Wrestlers have joined real celebrities on sitcoms like Fox's "That '70s Show" and "MadTV"; celebrities like NBA star Dennis Rodman and "Tonight Show" host Jay Leno have joined wrestlers in the ring; and ringside, celebrities are joining fans.
"Robert Wagner, who I met at a celebrity event in Aspen, Cindy Crawford, Tim Conway, all these people are great fans," says World Championship Wrestling celeb Goldberg (aka Bill Goldberg), the bald-headed, goateed giant who is perhaps the most popular wrestler today.
TV Guide even published a special four-cover issue featuring wrestling's biggest stars.
"You know, it's like watching a soap opera," says fellow WCW wrestler Sting. "I've never seen (a soap) but they're addicting, I guess, and I think wrestling is sort of the same thing."
10 million viewers
Like actors, wrestlers follow scripts, but it's the show -- not the outcome -- that has fans watching.

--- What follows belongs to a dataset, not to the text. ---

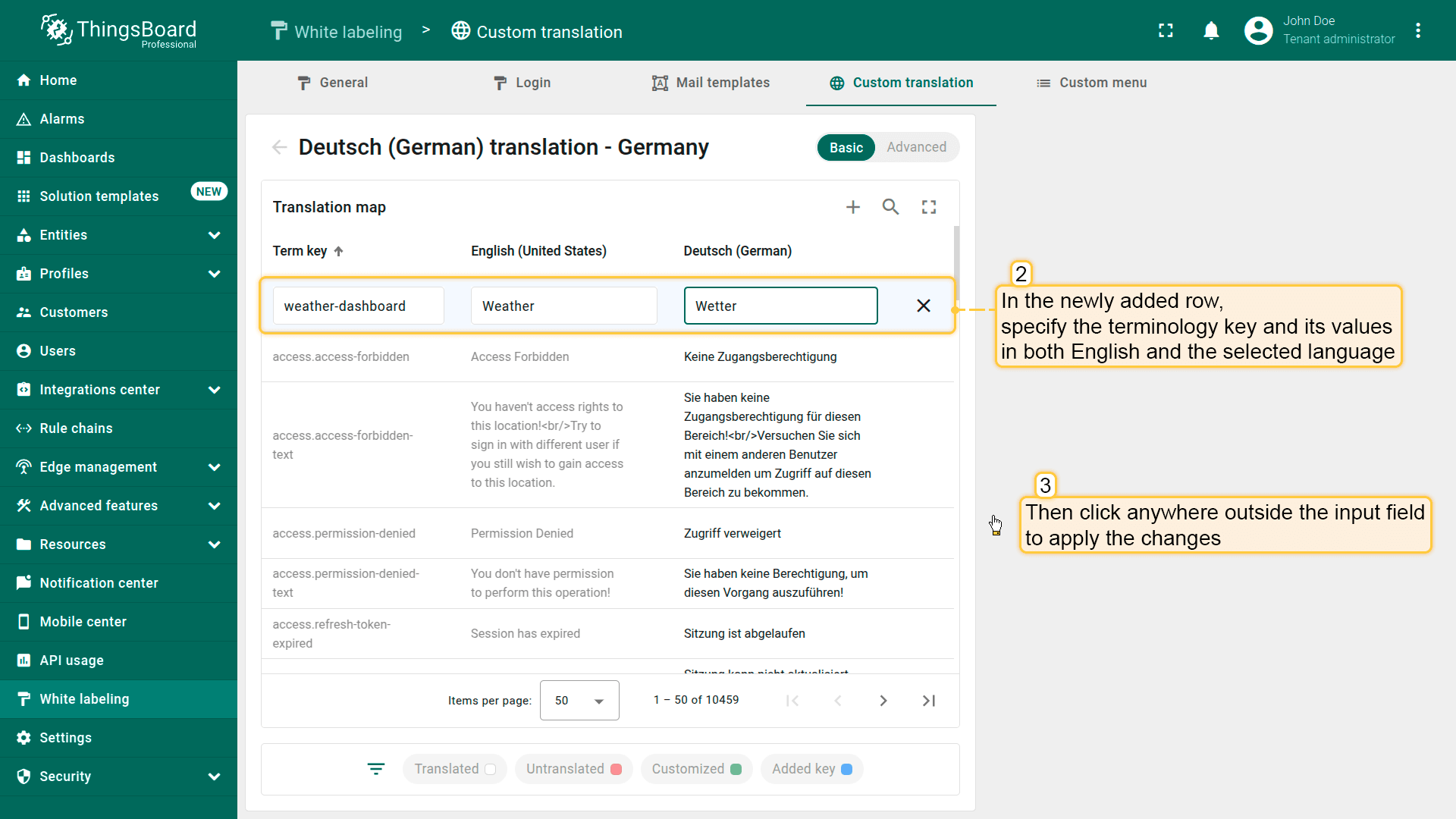 A new row will appear in the table below. Fill in the fields with the appropriate values — enter the key, its English value, and the value for the selected language. Then click anywhere outside the input field to apply the changes.
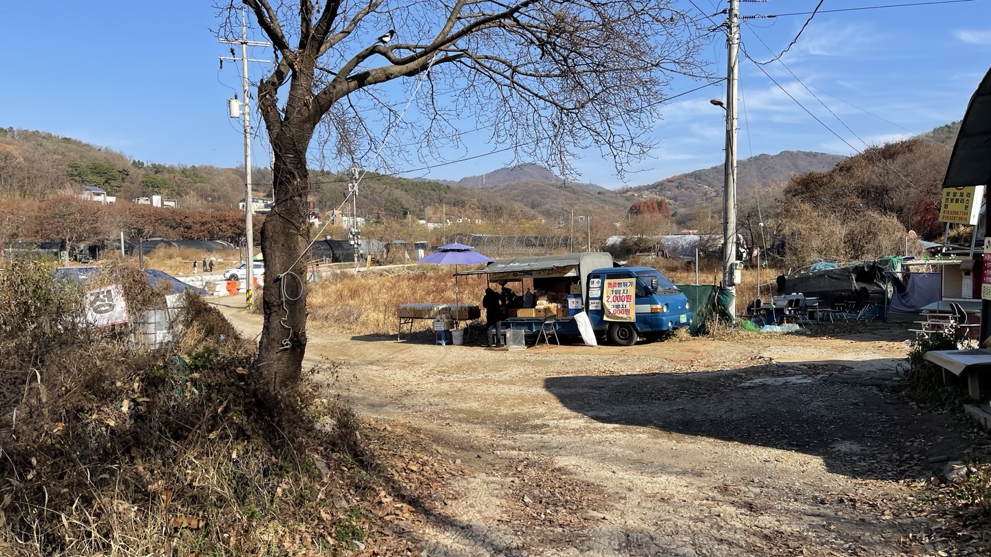 이 곳에 화장실도 있고 뻥튀기 파는 트럭도 한 대 있습니다.

"Some people take us a little too seriously," says Vince McMahon. "Those who don't get it are like, oh my God, what are they doing?"
Whatever they're doing, it's working. One look at the top-rated shows on cable television reveals that most of them take place in the ring. Six of the top 10 shows on cable last week were telecasts of either World Wrestling Federation or WCW events.
On Monday nights, according to Nielsen ratings, competitors WWF and WCW, which is owned by CNN Interactive parent company Time-Warner, attract an average combined audience of 10 million. They're telecast live, complete with enough gear to rival even the Super Bowl.
"If you look at the number of cameras, for example, now we've got nine, 10, 11 camera shoots, whereas three or four years ago, we were lucky if we had three or four in the building," says WCW president Eric Bischoff.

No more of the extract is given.